As recently as a couple of weeks ago, someone ran a rather furious task of updating a lot of information on the database I help to manage and where we all together decided to cancel the task after a couple of hours. You want to know what was the result of the cancelation ? Almost a 6 hours of waiting for transaction to finish. And topping of this cake was of course the fact, that the Database was in Availability Group. :)

Introducing ADR – Accelerated Database Recovery

Accelerated Database Recovery is new mechanism that is being developed for Azure SQL Databases and SQL Server 2019, that potentially will allow to cut the time to recovery from the canceled/rolled-back transactions and the time we spent on database recovery.

Building on the impeccable paper of ARIES with Write-Ahead Logging – Panagiotis with Christian, Hanuma and several others have built Constant Time Recovery in Azure SQL Database which with the help from the marketing because Accelerated Database Recovery as ADR instead of long-time expected original CTR :) The whole idea behind the Accelerated Database Recovery is to help to greatly improve the time spent on the recovery by paying dues ahead of time, with the help of the Persistent Version Store, which will store the intermediate versions of the modified rows within the same database where ADR is enabled.

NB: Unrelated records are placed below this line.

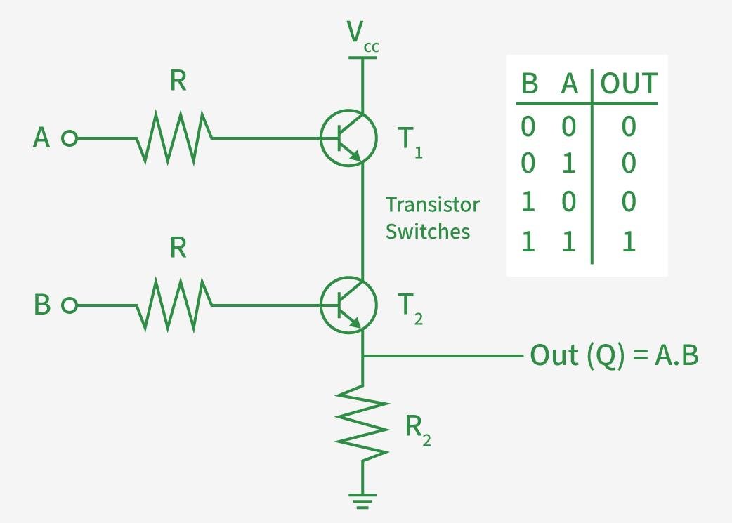 Если мы будем соединять транзисторы определенным способом мы можем получать разные логические вентили(gate) и уже из них можно собирать сложные схемы, а в итоге даже твой компуктер
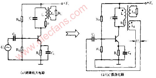 調(diào)諧放大電路演變位LC振蕩電路圖
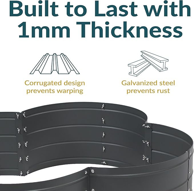 - DURABLE CONSTRUCTION: This outdoor raised garden bed is made from galvanized steel to resist rust and weathering over time.
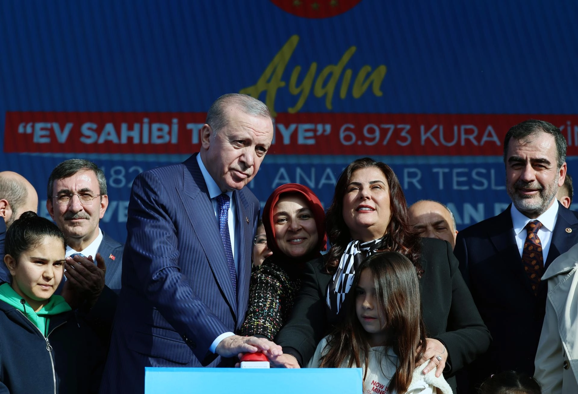 Erdoğan, Aydın Büyükşehir Belediyesi önünde düzenlenen, "Ev Sahibi Türkiye" 6 bin 973 Kura Çekimi, 1482 Konut Anahtar Teslimi, Şehir Hastanesi ve Yapımı Tamamlanan Diğer Yatırımların Toplu Açılış Töreni'ne katıldı.
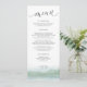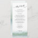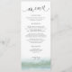 Elegante menú Boda de acuarela del lago y de los árboles: la carta está pintada con acuarelas y árboles abstractos rodeando un lago. Tiene tonos suaves de verde y azul. Perfecto para una boda a orillas del lago o de destino.
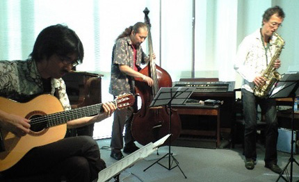 いにしえのトリオ、三四朗(サックス)、村井秀清(ピアノ)、新岡誠(ベース)
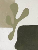 harmonieuze compositie van abstracte vormen in aardetinten, waarbij vooral olijfgroen en zandkleur de hoofdrol spelen. De vormen lijken uit een collage te zijn opgebouwd, met duidelijke, organische contouren die doen denken aan natuurlijke objecten of silhouetten van takken en gesteenten. De achtergrond in offwhite versterkt de…
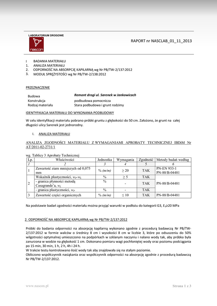 LABORATORIUM DROGOWE RAPORT nr NASCLAB_01_11_2013 I 1. 2. 3. BADANIA MATERIAŁU ANALIZA MATERIAŁU ODPORNOŚĆ NA ABSORPCJĘ KAPILARNĄ wg Nr PB/TW-2/137:2012 MODUŁ SPRĘŻYSTOŚCI wg Nr PB/TW-2/138:2012 PRZEZNACZENIE Budowa Konstrukcja Rodzaj materiału Remont drogi ul. Sarenek w Jankowicach podbudowa pomocnicza Stara podbudowa i grunt rodzimy IDENTYFIKACJA MATERIAŁU DO WYKONANIA PODBUDOWY W celu identyfikacji materiału pobrano próbki gruntu z głębokości do 50 cm. Założono, że grunt na całej długości ulicy Sarenek jest jednorodny. I. ANALIZA MATERIAŁU ANALIZA ZGODNOŚCI MATERIAŁU Z WYMAGANIAMI APROBATY TECHNICZNEJ IBDiM Nr AT/2011-02-2731/1 wg. Tablicy 3 Aprobaty Technicznej Lp. Właściwości 1 2 Zawartość ziarn mniejszych od 0,075 1 mm Wskaźnik plastyczności, wP-wL - granica płynności metodą 2 Casagrande’a, wL - granica plastyczności, wP 3 Zawartość części organicznych Zgodność Metody badań według 5 6 PN-EN 933-1 TAK PN-88/B-04481 TAK Jednostka 3 Wymagania 4 % (m/m) ≥ 20 % % ≥5 - TAK PN-88/B-04481 % % (m/m) ≤ 10 TAK TAK PN-88/B-04481 Na podstawie badań zgodności materiału można przyjąć warunki w podłożu do kategorii G3, E₂≥20 MPa 2. ODPORNOŚĆ NA ABSORPCJĘ KAPILARNĄ wg Nr PB/TW-2/137:2012 Próbki do badania odporności na absorpcję kapilarną wykonano zgodnie z procedurą badawczą Nr PB/TW2/137:2012 w formie walców o średnicy 8 cm i wysokości 8 cm w liczbie 3, które po odsuszeniu do 50% wilgotności optymalnej umieszczono na podpórkach w szklanym naczyniu i nalano wody tak, aby próbka była zanurzona w wodzie na głębokość 1 cm. Dokonano pomiaru wagi pochłoniętej wody oraz poziomu podciągania po 15 min, 30 min, 1 h, 2 h, 4h i 24 h. W trakcie testu kontrolowano ilość wody tak aby znajdowała się na stałym poziomie. Obliczono współczynnik nasiąkania oraz współczynnik odporności na absorpcję zgodnie z procedurą badawczą Nr PB/TW-2/137:2012. www.nascon.pl Strona 1 z 3 WYNIKI: a. Próbka 1 2 Współczynnik nasiąkania [kg/m ]: 0,38 Wysokość poziomu zawilgocenia [m]: 0,032 Współczynnik odporności na absorpcję: 153,09 b. Prókba 2 Współczynnik nasiąkania [kg/m2]:0,43 Wysokość poziomu zawilgocenia[m]:0,039 Współczynnik odporności na absorpcję:132,4 c. Próbka 3 2 Współczynnik nasiąkania [kg/m ]:0,36 Wysokość poziomu zawilgocenia[m]:0,031 Współczynnik odporności na absorpcję:158,0 Średnie wartości dla wszystkich trzech próbek: Współczynnik nasiąkania [kg/m2]:0,39 Wysokość poziomu zawilgocenia [m]:0,034 Współczynnik odporności na absorpcję:147,83 www.nascon.pl Strona 2 z 3 Średni współczynnik nasiąkania jest mniejszy od 0,55 i spełnia wymagania. Średni wspólczynnik odporności na absorpcję jest większy od wymaganego równego 80. 3. MODUŁ SPRĘŻYSTOŚCI wg Nr PB/TW-2/138:2012 3.1 Moduł sprężystości podłużnej Young a W wyniku badań uzyskana została wartość średnia dla próbki E = 1215 MPa. Badania wykonano wg procedury badawczej opracowanej na podstawie normy PN-EN 13 8 - 3 Mieszanki niezwiązane i związane spoiwem hydraulicznym. Część 3: Metoda oznaczania modułu sprężystości mieszanek związanych spoiwem hydraulicznym z uwzględnieniem wymagań aparaturowych podanych w PN-EN 13286-41. Badania przeprowadzono na stanowisku badawczym składającym się z maszyny wytrzymałościowej MTS Criterion oraz Systemu Cyfrowej Korelacji Obrazu DIC z głowicą -400 firmy Dantec Dynamics. 3.2 Kontrola procesu konsolidacji materiału Dodatkowo skontrolowano laboratoryjnie proces wzmacniania się konsolidacji materiału. Potwierdzono zdolność materiału do wzmacniania się w wyniku cyklicznych obciążeń. W badaniu przeprowadzono cykle 50 i 150 obciążeń. Pomiar modułu sprężystości E wykonano dla 3 różnych stanów: przy zerowym obciążeniu, po 50 cyklach obciążenia i odciążenia oraz po 150 cyklach. W celu wyznaczenia odkształceń próbkę poddano przy użyciu maszyny wytrzymałościowej MTS lokalnym obciążeniom o zmiennej wartości – od 50 do 350 kPa. LABORATORIUM Specjalista ds. Jakości M. Garbacz-Skubis www.nascon.pl Strona 3 z 3
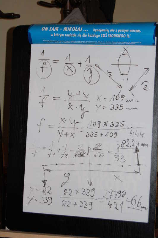 Do tego doświadczenia zastosowaliśmy przygotowany przyrząd pozwalający zmierzyć doświadczalnie niezbędne parametry do wyliczenia ogniskowej. W celu obliczenia tej cechy soczewki wykorzystaliśmy równanie soczewki. Co prawda zarówno pomiary jak i obliczenia są obarczone nieznacznym błędem. Chociażby taki, że soczewka nie jest wystarczająco cienka by w pełni zastosować te obliczenia. Ale to wystarcza w zupełności do ustalenia naszej konstrukcji.
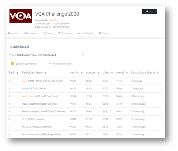 Our new VL models, which consist of the new object-attribute detection model as its image encoding module and OSCAR as its VL fusion module, sit comfortably atop several AI benchmarks as of December 31, 2020, including Visual Question Answering (VQA) (opens in new tab), Microsoft COCO Image Captioning (opens in new tab), and Novel Object Captioning (nocaps) (opens in new tab). Most notably, our VL model performance on nocaps substantially surpasses human performance in terms of CIDEr (92.5 vs. 85.3). On the GQA benchmark (opens in new tab), our model is also the first VL model that outperforms NSM, which contains some sophisticated reasoning components deliberately designed for that specific task.
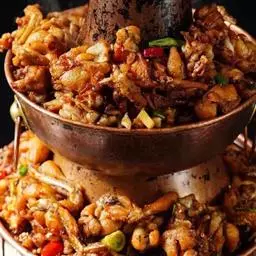 名字有“花”的蔬菜是比较秀气的、典雅的,但湘菜中的“大碗花菜”和“干锅花菜”,端上来热腾腾麻辣辣,透着一股子豪爽,吃起来更是香气四溢,绝对是下饭菜。在此要表扬一下“干锅”这个伙计,干锅是川菜的制作方法之一,起源于川渝之地,口味麻辣鲜香。与火锅和汤锅相比,汤少味更足,可作为菜品直接上桌食用,各种荤素搭配都可。
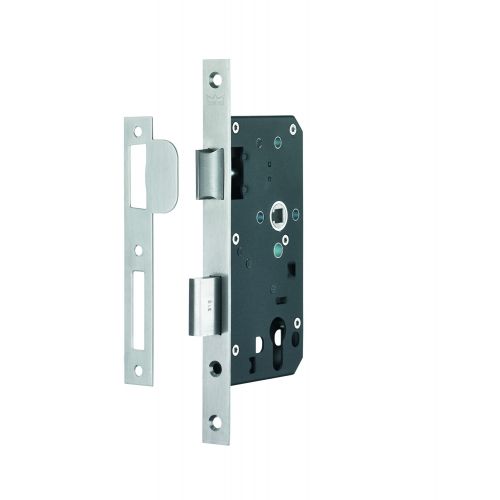 Cerradura con resbalón y palanca en acero inoxidable. Frente atornillado AISI 304. Medida centros normalizada 72 mm. Resbalón reversible accionado por manilla y cilindro. Palanca accionada por cilindro. Cerradero 24 mm
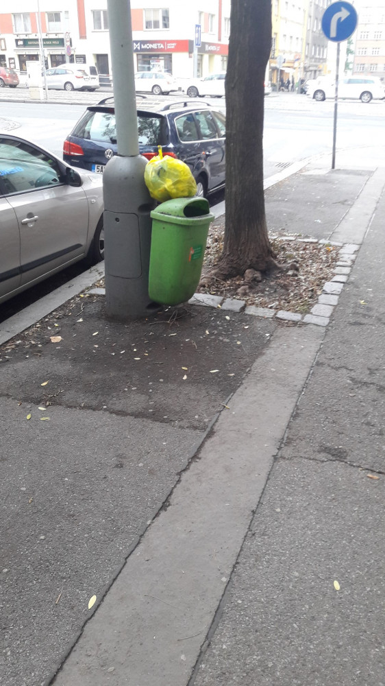 Žlutá taška s odpadky je na místě již několik dní, je to na rohu ulic Biskupcova x Jana Želivského. Děkuji.
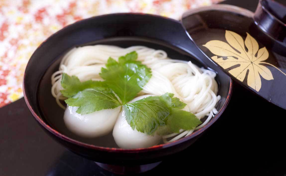 Keiran is a hot bowl dish of clear soup including egg-shaped rice dumplings with sweet bean paste filling inside. We also add walnuts in rice dumplings.
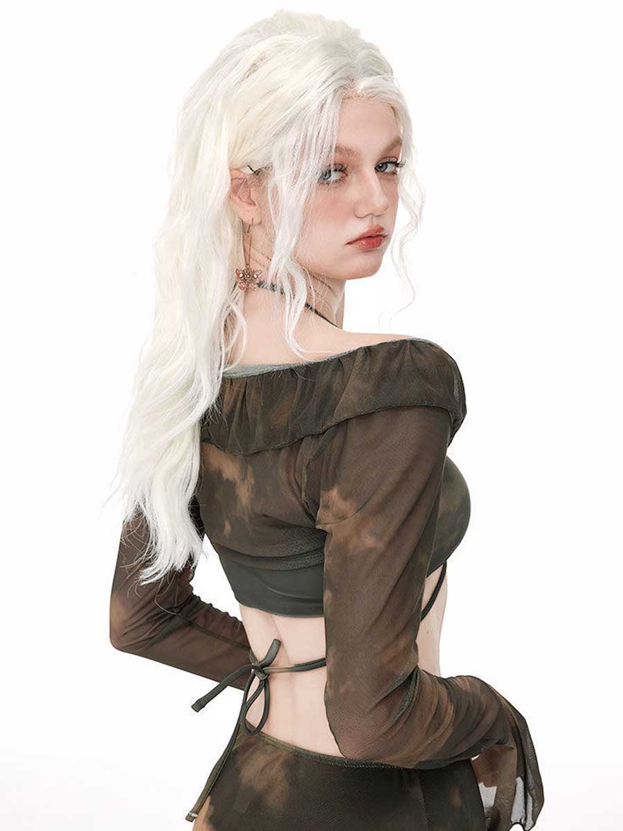 Design: This 4 piece bikini set featuring adjustable straight ruched cups, a strappy underbust, and matching bottoms with a low rise front panel, side tie closures, a thong cut back, and a sheer mesh cover-up shirt with a tie closure, flared long sleeves, and a cover-up skirt, an asymmetrical hem with a ruffled trim.
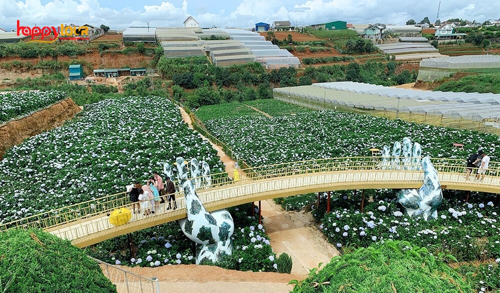 - Cánh Đồng Hoa Cẩm Tú Cầu - với tiểu cảnh Cầu Vàng Đà Lạt là phiên bản mini của Cầu Vàng Đà Nẵng. Điều kiện địa hình ở đây không cho phép thực hiện một cây cầu “sao y bản chính”. Vì thế, phiên bản nhỏ hơn nhưng vẫn giữ được tinh thần và vẻ đẹp của Cầu Vàng Đà Nẵng. Đặc biệt, khi lên ảnh, cây cầu vẫn toát lên được sự hoành tráng và chất thơ, đẹp mộng mơ không kém gì phiên bản gốc.
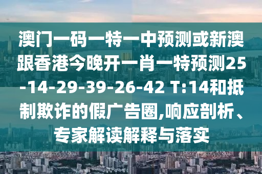 澳門一碼一特一中預測或新澳跟香港今晚開一肖一特預測25-14-29-39-26-42 T:14和抵制欺詐的假廣告圈,響應剖析、專家解讀解釋與落實
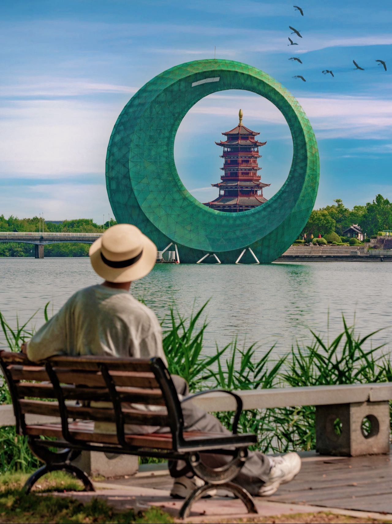 圆月广场: 古建和圆月造型古今同框非常震撼
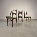 HierliliLot - Chaise - Bois, Textile - Lot de quattre chaises vintageLot de quatre chaises vintage au design scandinave, probablement des années 60, cadre en bois nettoyé et ciré, assises restaurées et tapissées dans un tissu à chevron vert; origine pays-bas et en exce
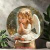 Metal Wall Art Aluminum Decor, Angel Theme Round Floral Sign, Home Living Room Cafe Decor
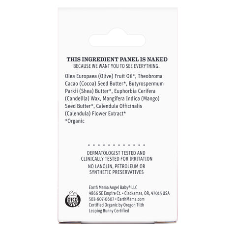 Ingredients: Organic Olive (Olea Europaea) Fruit Oil, Organic Cocoa (Theobroma Cacao) Seed Butter, Organic Shea (Butyrospermum Parkii) Butter, Candelilla (Euphorbia cerifera ) Wax, Organic Mango (Mangifera Indica) Seed Butter, Organic Calendula (Calendula Officinalis) Flower Extract
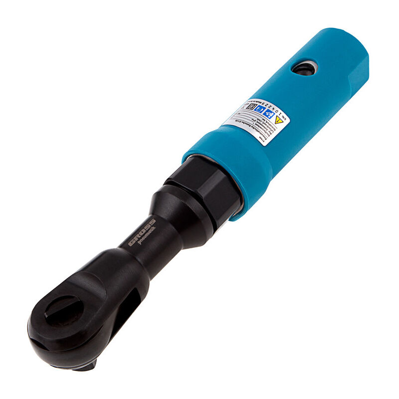 GROSS - Chiave a cricchetto pneumatica G120 - 122 Nm - 160 giri/min Chiave a cricchetto pneumatica. Lavoro rapido ed efficiente con diverse fissaggi. Robusta e resistente. Strumento meccanico professionale Il cricchetto pneumatico GROSS G120 è progettato per lavori di montaggio/smontaggio e consente la svitatura rapida delle viti . Questa chiave a cricchetto sarà particolarmente utile per riparazioni meccaniche, lavori di ferramenta, a domicilio, ecc. Dispone di un attacco quadro da 1/2", compatibile con la maggior parte delle bussole presenti sul mercato. Prestazioni e qualità Lo strumento fornisce un coppia elevata, fino a 122 Nm, consentendo un lavoro efficiente con diversi fissaggi. È utilizzabile con compressori che forniscono un flusso d'aria di 105 L/min. Realizzato in materiali compositi, questo strumento è resistente e durevole. Comfort e maneggevolezza Praticità Lo strumento è rivestito in gomma, consentendo una presa di qualità . Il pulsante di accensione è posizionato

On the left side, I have included an image from the Original Microsoft Article on Accelerated Database Recovery, describing the principle phases of the Rollback process, that contains the following major phases:

– Analysis
– Redo Lock Acquisition
– Physical Redo
– Undo

Analysis

The very first recovery phase identifies the transactions to be rolled back and the LSN of the oldest modified page. This process will scan the log starting from the last completed checkpoint with the Oldest Modified Page LSN to recovery the needed transactional information.

Redo

The Accelerated Database Recovery Redo Phase consist of the 2 phases. The first one is the Redo Lock Acquisition and the second is the real Physical Redo operation. Once we have the Oldest Modified Page LSN from the Analysis phase, we should process the log forward looking for the required version of the data page, but in the reality and in order to guarantee a better consistency, the Redo process will start working even from the earlier phase, which potentially can slower it’s performance significantly.

In SQL Server 2017 the Redo process has been already improved to be run in parallel, but the fact that the focus of the processing starts on the LSN of the oldest active transaction, meaning that a huge amount of potentially unnecessary work & recovery time will be spent on comparison between the Page LSN with the LSN of the processed log record.

The Redo phase is responsible to recover the data right to point in time when the failure took place.

Undo

The Undo phase will deliver the full rollback to any active non-completed transactions at the time of the Cancelation/Failure. The Undo can be executed while database is already available for user queries and it will eventually block them in cases if they are trying to access the modified data, which Undo processing has not finished yet.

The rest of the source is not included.